SOURCE INFORMATION START

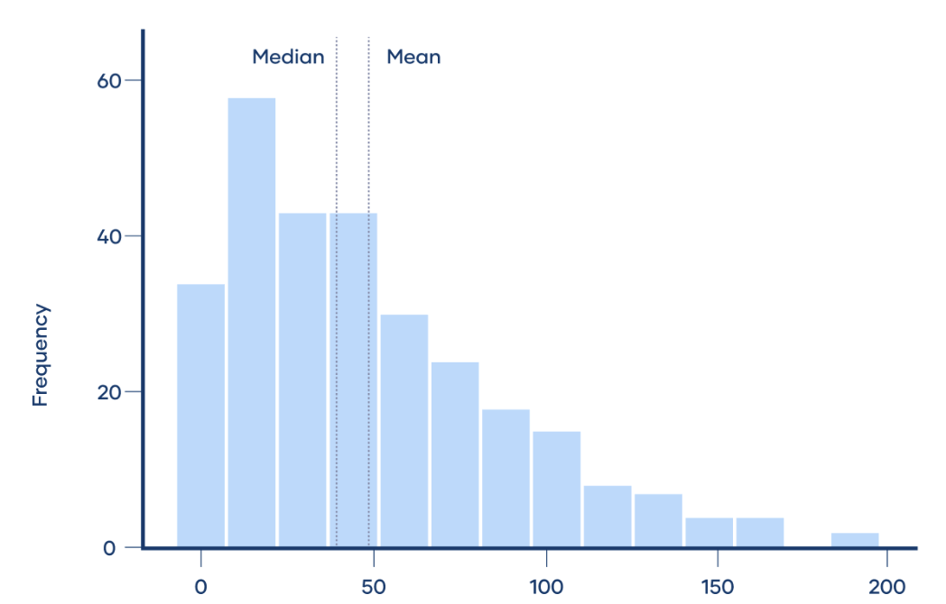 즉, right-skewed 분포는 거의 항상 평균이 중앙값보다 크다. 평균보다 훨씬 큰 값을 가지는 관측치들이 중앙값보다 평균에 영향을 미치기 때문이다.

SOURCE INFORMATION END
SOURCE INFORMATION START

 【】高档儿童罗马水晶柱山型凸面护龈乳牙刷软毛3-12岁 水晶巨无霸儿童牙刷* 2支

SOURCE INFORMATION END
SOURCE INFORMATION START

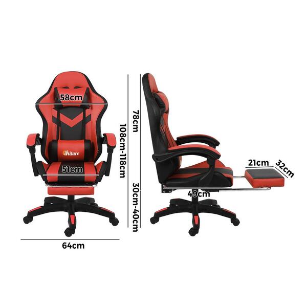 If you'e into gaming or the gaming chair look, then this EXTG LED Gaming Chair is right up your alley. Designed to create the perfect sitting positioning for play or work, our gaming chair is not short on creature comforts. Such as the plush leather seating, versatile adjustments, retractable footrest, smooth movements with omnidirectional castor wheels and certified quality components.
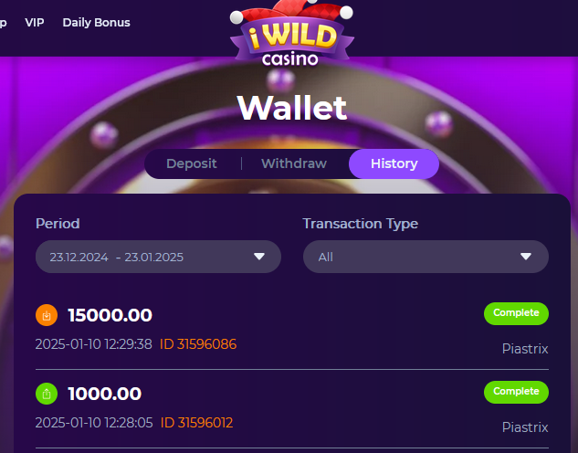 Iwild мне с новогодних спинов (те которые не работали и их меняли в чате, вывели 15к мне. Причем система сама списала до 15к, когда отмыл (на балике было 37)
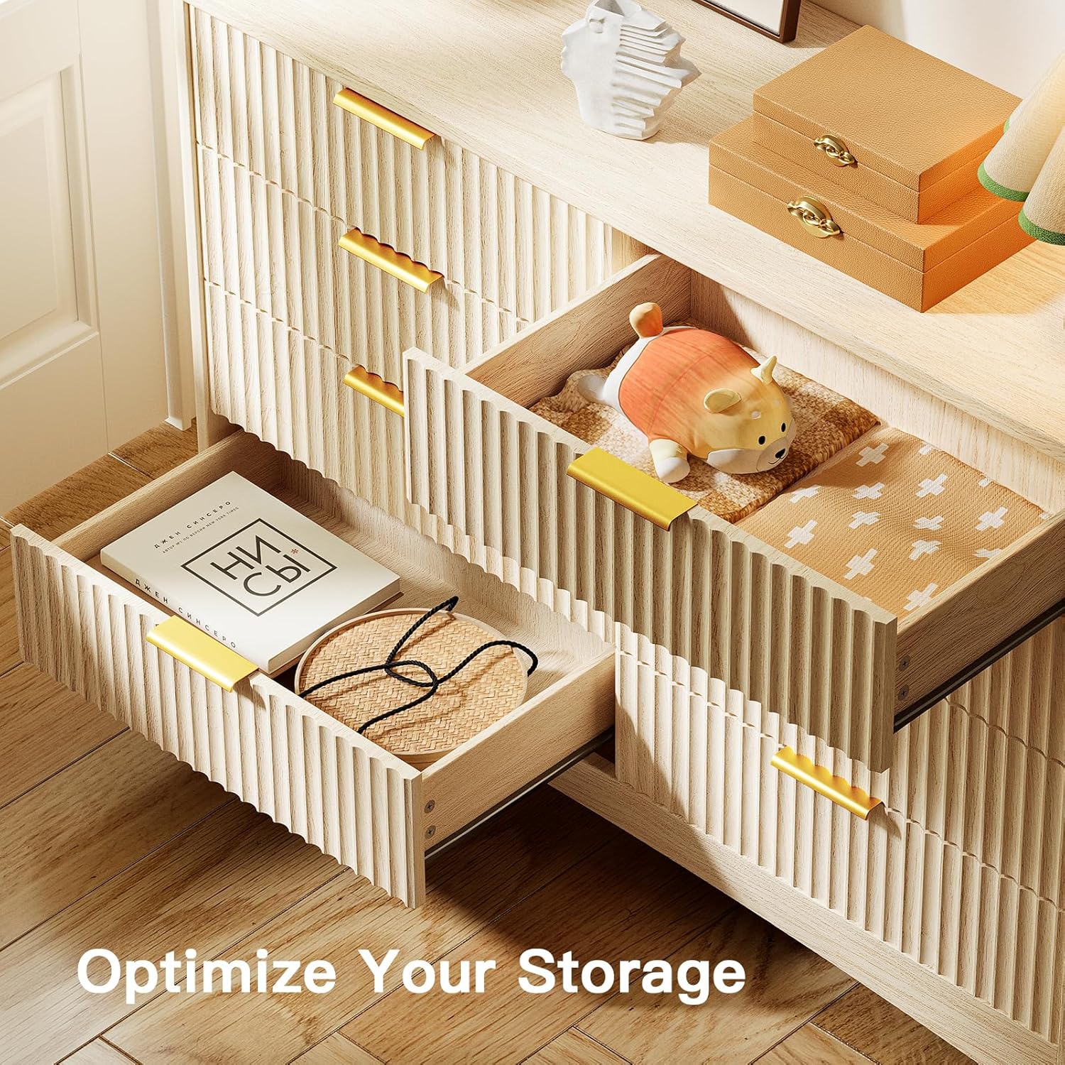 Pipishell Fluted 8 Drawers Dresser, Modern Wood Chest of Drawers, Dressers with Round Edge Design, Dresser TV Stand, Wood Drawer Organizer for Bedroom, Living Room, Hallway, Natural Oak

SOURCE INFORMATION END

Print, exactly, each line above from the one with "If you'e into" to the one with "Pipishell Fluted 8", end lines included. Leave pictures out of it.

→ SOLUTION TO THIS PROBLEM
 If you'e into gaming or the gaming chair look, then this EXTG LED Gaming Chair is right up your alley. Designed to create the perfect sitting positioning for play or work, our gaming chair is not short on creature comforts. Such as the plush leather seating, versatile adjustments, retractable footrest, smooth movements with omnidirectional castor wheels and certified quality components.
 Iwild мне с новогодних спинов (те которые не работали и их меняли в чате, вывели 15к мне. Причем система сама списала до 15к, когда отмыл (на балике было 37)
 Pipishell Fluted 8 Drawers Dresser, Modern Wood Chest of Drawers, Dressers with Round Edge Design, Dresser TV Stand, Wood Drawer Organizer for Bedroom, Living Room, Hallway, Natural Oak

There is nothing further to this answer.